Federal employees didn’t like Ryan’s proposal and Trump’s won’t fare any better among them. Frustrated customers of agencies that did cut services, like the Internal Revenue Service and Social Security, also would be hit by a freeze.

“Trump’s proposal to impose a broad, ill-defined hiring freeze is more evidence that he is unprepared and unfit to be the next president of the United States.,” said J. David Cox Sr., president of the American Federation of Government Employees, the largest federal union. “He has no clue how critical public servants are to caring for our veterans, protecting our communities, ensuring hard-earned benefits are delivered, supporting our Armed Forces, and much more.”

Those workers are serving more taxpayers than ever.

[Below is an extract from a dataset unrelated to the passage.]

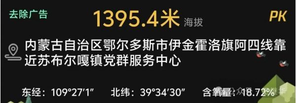 今天早晨起床搜百度這里海拔1395.4米在內(nèi)蒙古自治區(qū)鄂爾多斯市伊金霍洛旗阿四線靠近蘇布爾嘎鎮(zhèn)黨群服務(wù)中心東經(jīng):109°27'1”北緯:39°34'30"含氧量:18.72%

The federal workforce has about 2.1 million civilians, 85 percent of whom work outside the Washington area. Compared to growth in the nation’s population, the workforce “has declined dramatically over the past several decades, with occasional upticks due, for example, to military conflicts and the administration of the Census,” according to the Obama administration’s fiscal 2017 budget documents. “Since the 1960s, the U.S. population increased by 67 percent, the private sector workforce increased by 136 percent, and State and local government workforces (excluding education workers) increased by 127 percent, while the size of the Federal workforce rose about 10 percent.”

Trump’s calls for a hiring freeze didn’t get into nuances like the federal workforce size falling well behind population growth. For Cox, Trump’s plan is another indication of how government workers would fare under him.

“He has a record of disrespecting, demeaning and failing his employees,” Cox said, adding that “there’s no doubt he would continue those habits as the leader of the Executive Branch.”

Read more:

[Van Hollen: Ryan plans ‘very hostile to federal employees’]

[Two federal unions cling to Trump, despite everything]

[Christie on Trump’s plan to fire feds faster and clean out Obama’s people]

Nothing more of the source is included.